**The data**
────────────────────────────────────────
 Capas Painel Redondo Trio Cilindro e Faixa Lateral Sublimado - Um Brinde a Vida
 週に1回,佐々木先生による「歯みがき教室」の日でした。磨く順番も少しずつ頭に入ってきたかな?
────────────────────────────────────────
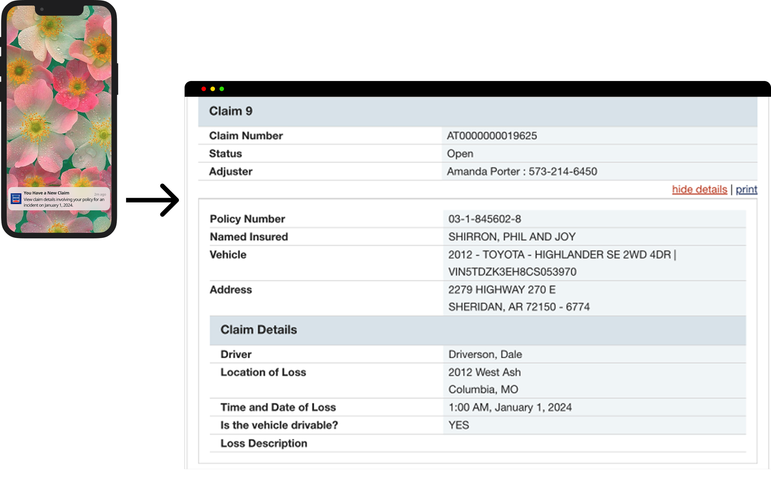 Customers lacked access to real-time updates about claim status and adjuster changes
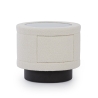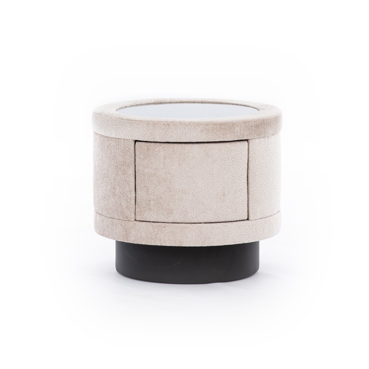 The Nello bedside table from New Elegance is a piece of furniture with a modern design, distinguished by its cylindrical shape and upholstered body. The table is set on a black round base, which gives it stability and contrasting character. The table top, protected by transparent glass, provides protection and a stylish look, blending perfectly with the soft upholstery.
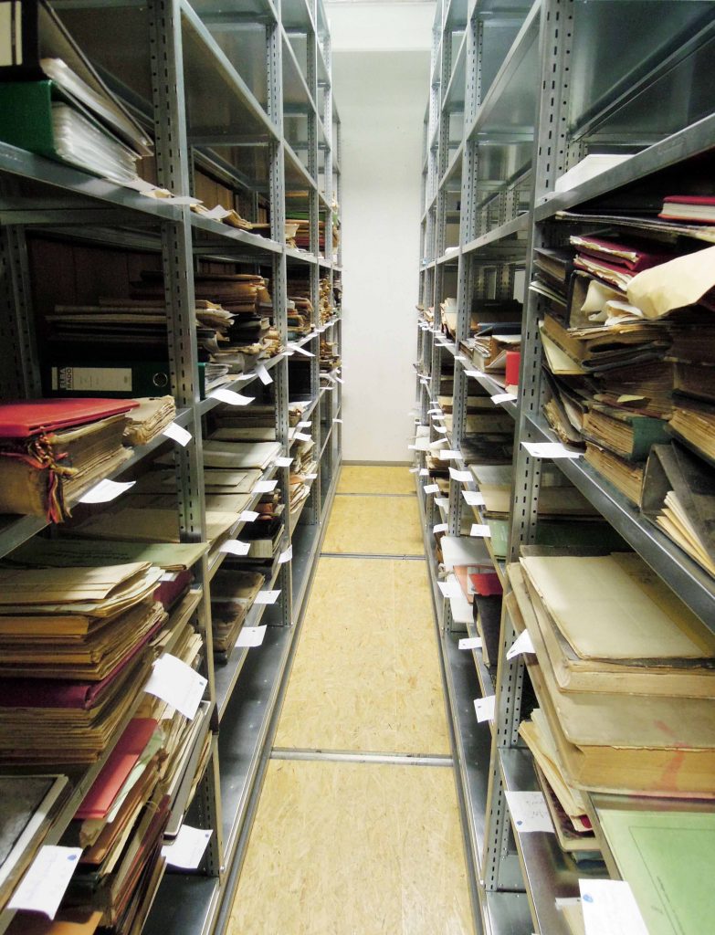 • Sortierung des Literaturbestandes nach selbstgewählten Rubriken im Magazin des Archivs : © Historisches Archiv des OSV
────────────────────────────────────────
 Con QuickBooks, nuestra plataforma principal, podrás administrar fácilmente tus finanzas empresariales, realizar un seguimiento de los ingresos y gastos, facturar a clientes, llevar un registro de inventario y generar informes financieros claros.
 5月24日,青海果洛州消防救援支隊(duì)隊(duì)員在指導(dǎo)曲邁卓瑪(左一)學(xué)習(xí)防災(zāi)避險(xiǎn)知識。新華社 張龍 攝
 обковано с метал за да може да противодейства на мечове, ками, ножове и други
────────────────────────────────────────
**Work item**
Copy out only the lines of the records above from the one with "Capas Painel Redondo" through the one with "週に1回,佐々木先生による「", exactly as they stand, both included.

**Solution for this problem**
 Capas Painel Redondo Trio Cilindro e Faixa Lateral Sublimado - Um Brinde a Vida
 週に1回,佐々木先生による「歯みがき教室」の日でした。磨く順番も少しずつ頭に入ってきたかな?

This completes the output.